While it’s natural to desire love and affirmation from your partner, it’s essential to also validate yourself internally. I value the saying "who am I becoming whilst I’m with you?" We can lose ourselves and our behaviours are unrecognisable.
A healthy relationship is one where both individuals feel valued as they are, without needing constant validation for one another to feel whole.
3. Validation through Children
For parents, children can become another source of validation. Watching your children succeed and thrive can bring immense pride and joy. But when your sense of worth becomes tied to their achievements or behaviour, it can create pressure—for both you, your children and your partner.
If you find yourself feeling validated only when your child is excelling, or conversely, feeling less worthy when they struggle, it may be a sign that you’re outsourcing your self-worth.
Children, just like us, will have ups and downs.

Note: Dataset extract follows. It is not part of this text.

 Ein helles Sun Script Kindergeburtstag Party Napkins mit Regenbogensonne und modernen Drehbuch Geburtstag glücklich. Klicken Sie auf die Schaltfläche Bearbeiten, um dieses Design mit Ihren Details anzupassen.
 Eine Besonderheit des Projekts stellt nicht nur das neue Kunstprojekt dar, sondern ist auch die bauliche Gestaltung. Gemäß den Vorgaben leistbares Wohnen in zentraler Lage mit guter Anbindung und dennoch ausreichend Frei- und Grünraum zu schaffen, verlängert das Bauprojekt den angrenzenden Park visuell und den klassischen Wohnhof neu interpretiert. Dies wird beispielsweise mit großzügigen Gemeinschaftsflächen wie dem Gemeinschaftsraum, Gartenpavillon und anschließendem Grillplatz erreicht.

Their journey is their own, and as much as we guide them, we must recognise that our value as individuals does not depend on their success or failures.

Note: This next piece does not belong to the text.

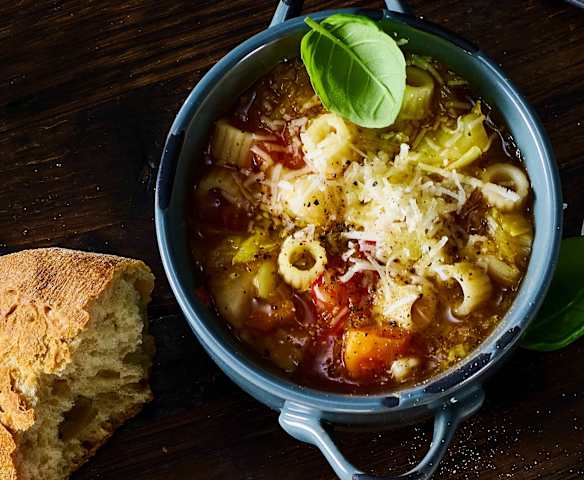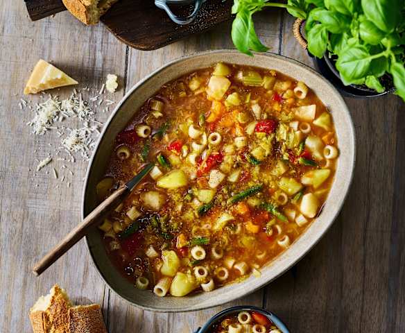 • de légumes variés (pommes de terre, carottes, courgettes, céleri-branche, tomates, blettes, citrouille par ex.), coupés en petits morceaux

Also the love that can appear to be lavished on to the children can leave a partner feeling rejected and unloved. This can eroded the relationship and cause a great strain on the dynamics of the partnership
4. Internal Validation: The Key to True Self-Worth
The truth is, external validation—whether from work, relationships, or family—will always be fleeting. Jobs change, relationships evolve, and children grow up.

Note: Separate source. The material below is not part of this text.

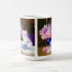 Magic Mug com um belo gatinho branco vestindo uma fita roxa! Este gatinho fluffy se posiciona próximo a uma tigela azul e um vaso de flores rosa, roxas e brancas. Um presente maravilhoso para amantes de gatos e entusiastas de arte vitorianos!
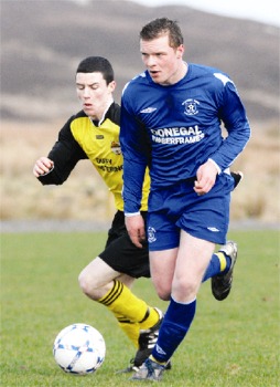 A Terry Doherty cross was headed just over by Patrick McDermott and Doherty himself flashed a shot just wide soon afterwards. Ballybofey came back with a free kick from Paul Finn landing on the roof of the net. Ballybofey were defending heroically but they couldn’t keep the floodgates closed forever and Glengad equalised midway through the half. Glengad were indebted to Ballybofey’s keeper Dean Doherty who suffered a rush of blood to the head coming for a ball outside his area – the ball was knocked forward and John McDermott couldn’t miss.

Relying on these external factors for a sense of worth can leave you feeling empty when they inevitably shift.
Internal validation, on the other hand, comes from within. It’s the ability to recognise your inherent worth, independent of external circumstances. When you validate yourself internally, you cultivate self-respect, confidence, and resilience.
You become less reactive to external changes because your sense of self is rooted in something more stable: your own belief in your value.
How to Cultivate Internal Validation
Practice Self-Compassion: Be kind to yourself. Acknowledge your strengths and forgive your mistakes.
Set Personal Goals: Focus on goals that align with your values, not just those that earn external approval.
Reflect on Your Achievements: Take time to appreciate what you’ve accomplished, big or small, and let that build your confidence.
Affirm Your Worth Daily: Use positive affirmations to remind yourself that you are valuable, just as you are.
Seek Growth Over Perfection: Instead of striving for perfection, focus on personal growth and improvement. Growth is a lifelong process, not a destination.
It’s natural to seek validation from the external world, but true, lasting self-worth can only come from within. By recognising the patterns of validation through work, relationships, and family, we can start to shift the focus inward.
Cultivating internal validation is a lifelong journey, but it’s one that leads to a more balanced, fulfilling life. After all, you are enough—just as you are.
Remember some of your actions today with be the template of the past, how you were loved and how conflict was shown, don’t give all of yourself over to what you believe to be the template of the past, your parents script. You are good enough, worthy of love and appreciation.
Start writing your own script today.